Written by Renata Filiaci. MSHW
Introduction
Multiple sclerosis (MS), affecting about 2.5 million people in the world, is a demyelinating autoimmune disease where the immune system attacks the central nervous system producing inflammation in the form of lesions and scarring, permanently destroying the myelin sheaths. Antibodies and T-cell lymphocyte cells are an immune response damaging the myelin sheath furthering inflammation. Although the etiology is unknown, the demyelination can occur in any part of the central nervous system which causes irregularity of lesions, largely affecting the optic nerves, oculomotor nerves, corticospinal, cerebellar, and posterior column systems. MS presents different symptoms in everyone; some patients could have occasional exacerbations, while in others, MS is extremely progressive and debilitating causing disability. When myelin is lost, signals through the nerves are impassable leading to abnormal function (Namjooyan, Ghanavati, Majdinasab, Jokari, & Janbozorgi, 2014; Banasik & Copstead, 2019). It has been suggested that the Epstein-Barr virus (EBV) is linked to the potential development of MS. In chronic and active MS brain lesions as well as in non-MS brains, the presence of EBV was detectable by immunohistochemistry and by in situ hybridization; however, EBV was more prevalent in MS brains (Moreno, Or-Geva, Aftab, Khanna, Croze, Steinman, & Han, 2018).

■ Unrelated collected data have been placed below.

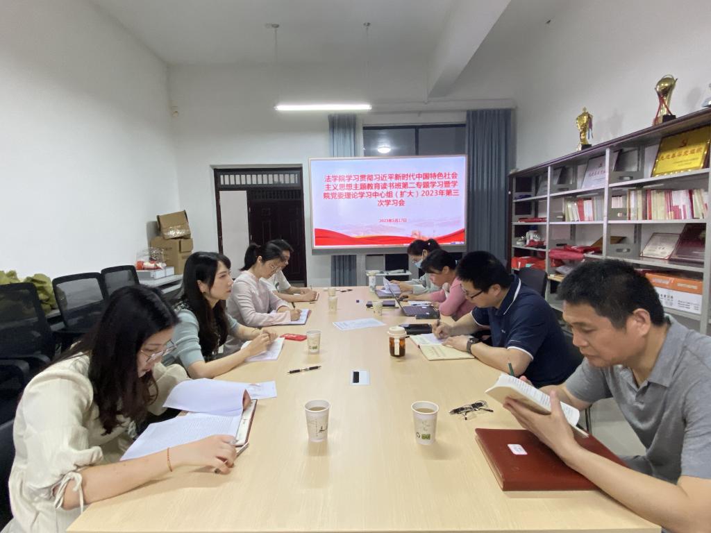5月17日上午,法学院学习贯彻三亿官方官网三亿(中国)_三亿(中国)新时代中国特色社会主义思想主题教育读书班第二专题学习暨学院党委理论学习中心组(扩大)2023年第三次学习会在花江校区四创中心1号楼106党团活动室举行。学院党委委员、教学副院长赵玉意主持会议。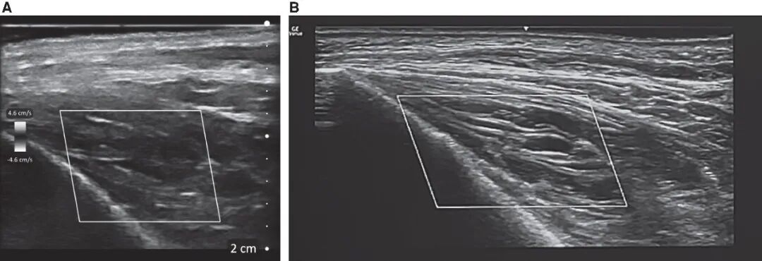 图3. 两种超声设备的成像效果对比。(A)手持式超声设备 Clarius L20;(B)高分辨率医用超声系统 GE Venue Go,搭配 L420 探头;图像清晰展示了二者在轴向分辨率与侧向分辨率上的差异。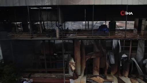 Bursa'da gece alevlere teslim olan fabrika sabahın ilk ışıklarıyla böyle görüntülendi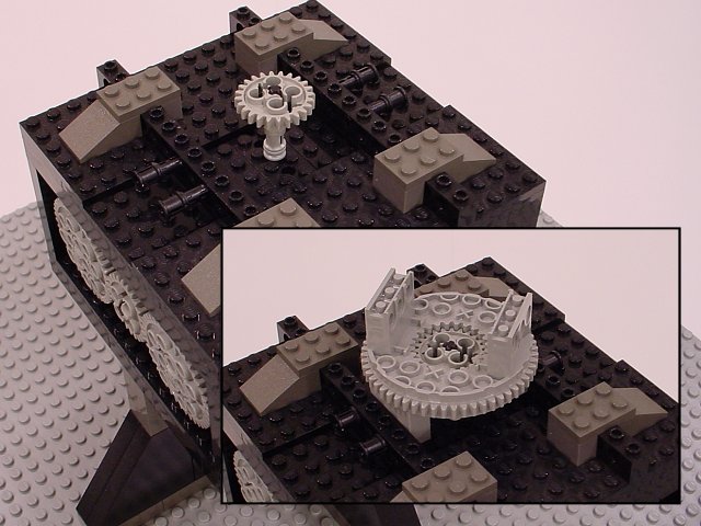 | This is the roof with the turret removed. It has to be easily removeable for transport, because it's fairly tall and awfully top-heavy. The gear sticking out the roof drives the gears on the side of the base. The inset picture shows how the turret's turntable fits on top. Note the pins that push through the Technic bricks to lock in the turntable. | |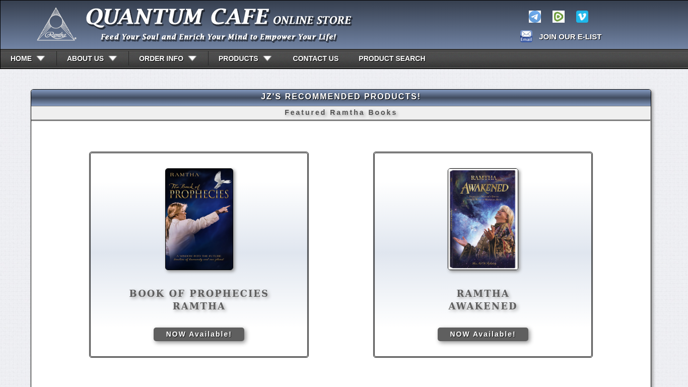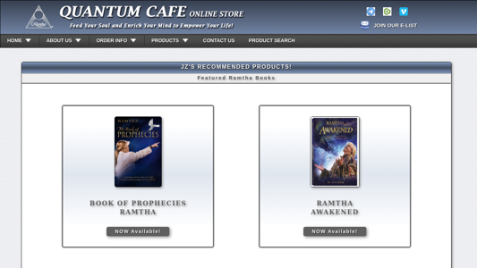 | SEO-описание | Feed your soul and enrich your mind with knowledge that empowers your life! The Quantum Cafe Online Store is your one-stop destination to the greatest books, DVDs, and CDs on quantum physics and the latent power of your brain, the latest discoveries of science on the mind, and our yet to be fully discovered human potential. |

Depending on the location of damaged myelin, a wide range of symptoms could arise and become exacerbated by heat, infection, or fever, such as blurred vision, weakness, numbness, tingling, fatigue, imbalance, diplopia, and coordination difficulties. Additionally, cognitive impairment and neurobehavioral symptoms can become apparent. Within the stages of the disease, symptoms can worsen, leading to bladder and bowel difficulties, pain, and paresthesia as well as paralysis. These symptoms aggravate when the process of remyelination through oligodendrocytes at lesion site is not sufficient and the axons are eventually destroyed (Namjooyan, Ghanavati, Majdinasab, Jokari, & Janbozorgi, 2014; Banasik & Copstead, 2019).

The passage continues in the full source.